La vida eterna consistirá en gozar de modo pleno del amor que ya gozamos en
parte, pero sin veleidades ni distracciones y con perfección: sabremos, con
todos los santos, lo que es y lo que vale el Amor. Toda la vida cristiana se
resume aquí: “nosotros hemos conocido y creído en el amor que Dios nos
tiene. Dios es Amor y quien permanece en el amor permanece en Dios y Dios en
él” (1 Ioh 4 , 16 ), decía san Juan al término de su existencia terrena.
La santidad que es la ley del cristiano supone un conocimiento de Dios y Amor,
constituido no de una dimensión teorética sino de una viva experiencia, en la
identificación con Cristo.
En esta identificación de la que hablamos, Cristo es no sólo causa meritoria
sino también eficiente de esta santificación, y su Humanidad Santísima es
instrumento -inseparablemente unido a la divinidad- que la causa en su
Iglesia, es decir toda la gracia nos viene –a cualquier hombre- por la
Humanidad de Jesús. S. Tomás ve a Cristo como Cabeza del cuerpo total, al
considerar en El las propiedades que le competen a la cabeza con respecto al
cuerpo, y que competen a Jesús con respecto a sus miembros, como Dios: exceder
en dignidad y perfección a los demás, dirigirlos y ser principio de movimiento
de todos ellos. Pero también hay una propiedad que le conviene en cuanto
hombre, y es la conformidad de naturaleza con los demás miembros (cf. In III
Sent., d. 13, q. 2, a. 1 c). La santidad del cristiano tiene un profundo
carácter cristológico, no sólo porque le une a Cristo al participar de su
filiación, sino por Cristo en cuanto hombre, de la gracia de Cristo
deriva la gracia hacia nosotros.
Pensemos cuanto dice Gaudium et spes 22: «mediante la Encarnación el Hijo de
Dios se ha unido en cierto modo a todo hombre». Es por tanto una unión que
Jesús adquiere con cada persona en la medida que ésta le acoge en su corazón.

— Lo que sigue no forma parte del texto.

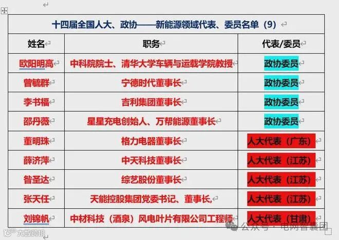 据计算,国家电网、南方电网“两网”及电力“八大金刚”的代表、委员人数达到49人。加上中国能建、中国电建、中国安能、中国电子、中国电气装备集团、东方电气集团、哈电集团、国机集团和贵州能源集团等电力相关企业代表、委员人数13位,光伏界10名代表、委员,总计达到72位。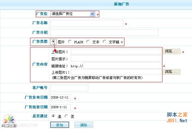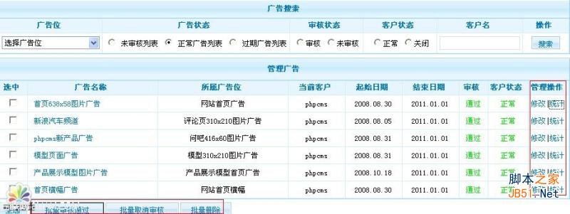 廣告管理,可以統(tǒng)計本站的廣告、停止、發(fā)放、修改、搜索、監(jiān)控廣告有效時間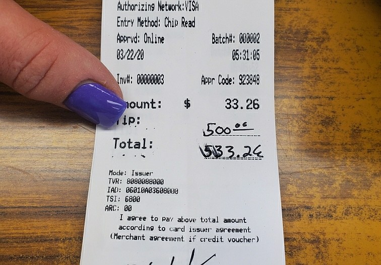 Customers Annie Parker has served every weekend for the past year surprised her with a $500 tip written on a credit card receipt left discreetly upside down on the table.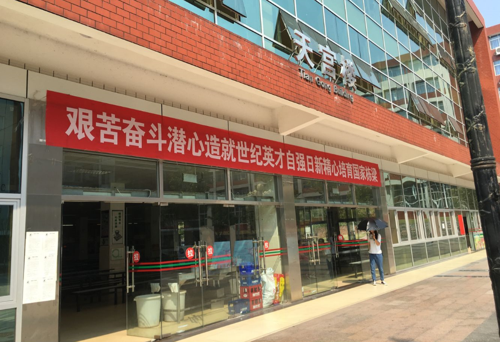 图为南校区食堂为迎新挂出的激励横幅 新生到校期间,在校学生已达到约13500人。在迎新期间,南校区食堂每天早餐用餐人数约2700人,中餐用餐人数约 3800人,晚餐用餐人数约3100人;北校区食堂每天早餐用餐人数约2800人,中餐用餐人数约3300人,晚餐用餐人数约2600人,单餐就餐率近达到50%。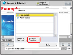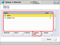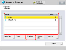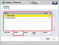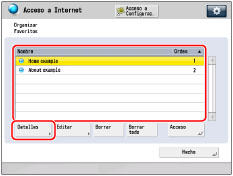 Pulse [Nombre] u [Orden] para clasificar la lista de Favoritos en orden ascendente o descendente. Los botones de la pantalla Menú principal se eliminan o se cambia su nombre si elimina o cambia el nombre de las páginas web correspondientes. Los saltos de línea utilizados al registrar las páginas Web se muestran en el nombre de los botones de página Web en la pantalla del menú principal. El nombre de la página Web en la lista de Favoritos se muestra en una sola línea, incluso aunque se añada un salto de línea. |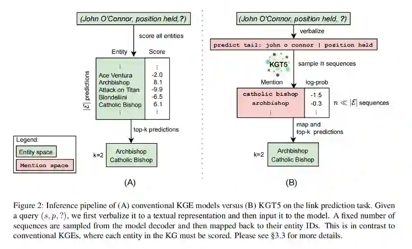 在传统的 KGE 模型中,通过找到分数 来回答查询 (s, p, ?),其中 f 是特定于模型的评分函数。然后根据分数对实体 o 进行排名。在KGT5中,给定查询 (s, p, ?),首先将其进行描述,然后再将其提供给 KGT5。然后,从解码器中采样固定数量的序列,然后将其映射到它们的实体 ID。通过使用这样的生成模型,能够近似(以高置信度)top-m 模型预测,而无需对所有模型进行评分KG 中的实体,正如传统的 KGE 模型所做的那样。对于每个解码的实体,为其分配一个等于解码其序列的(log)概率的分数。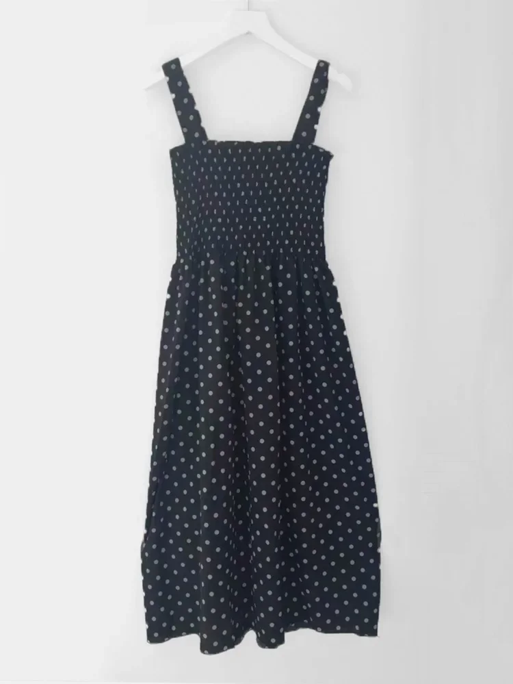 Robe femme verão bolinhas vestidos femininos elegante pescoço quadrado sem mangas chiffon vestido longo super desconto vestidos para mujer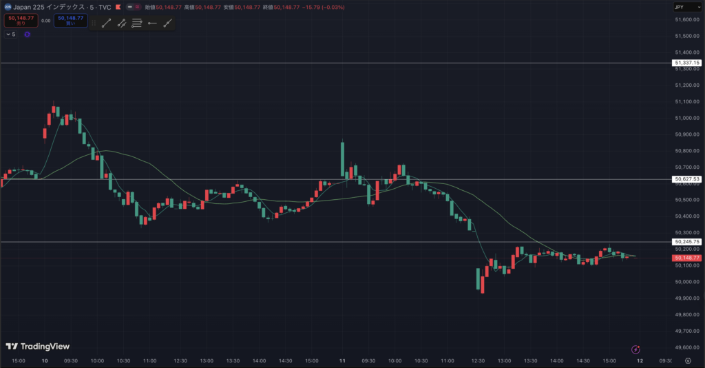 下落しましたが、ローソク足の実体は5日線で下げ止まったようです。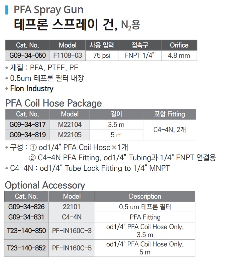 품명 ■ 재질 : PFA, PTFE, PE ■ 0.5um 테프론 필터 내장 ■ Flon Industry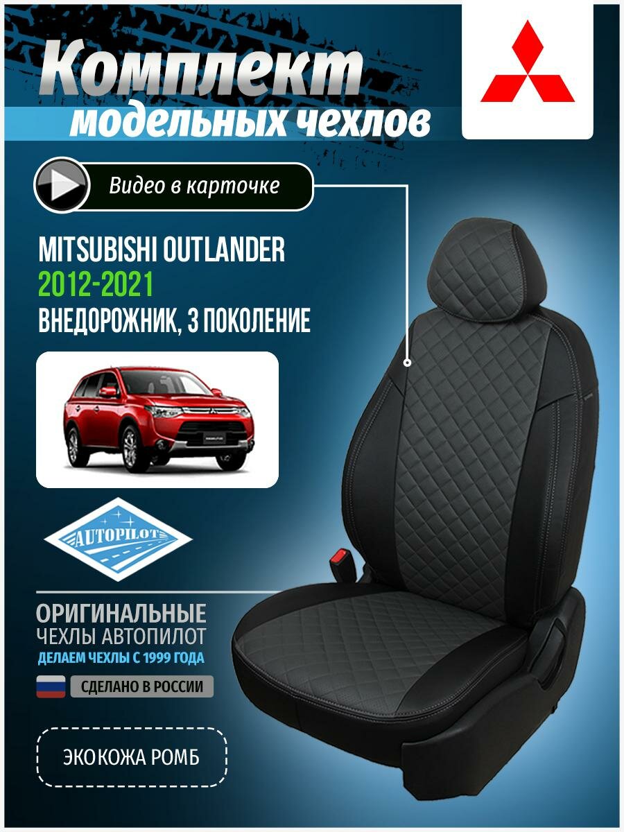 Чехлы для Mitsubishi Outlander 3 2012-2020 Автопилот Темно-Серый Экокожа с ромбом mi-ou-o3-chets-r

Esta verdad fomenta nuestra esperanza en Dios, de ser objeto de su Amor, de
que se comporta con cada uno como el mejor Padre que ima ginarse pueda. Cristo
nos ha mostrado el amor del Padre y nos hace partícipes de su amor, que se
adueña de nuestra capacidad de amar, y nos da una perfecta filiación en el
Espíritu Santo, y con esto un amor fraterno para todos los hombres. Un amor en
el que cada uno se une a Dios y en el cual los hombres son capaces de unirse
entre sí. La santidad es, en suma, la perfección en el amor, sustentado por la
fe y la esperanza.
De ahí los lazos inseparables entre santidad y comunión en la Iglesia,
santidad y comunión con todos los hombres, cuya principal fruto es el afán
apostólico. El amor de caridad, con que Cristo nos ha amado y enseñado a amar,
es inseparablemente amor al Padre y, en la común filiación a El, amor a todos
los hombres que no puede no incluir la preocupación por la salvación de todas
las almas, pues quiere que todas se salven (omnes homines vult salvus fieri: 1
Tim 2, 4). Eso nos lleva a un apostolado, del cual la comunión entre los
fieles es, por así decirlo, condición de autenticidad y primera manifestación.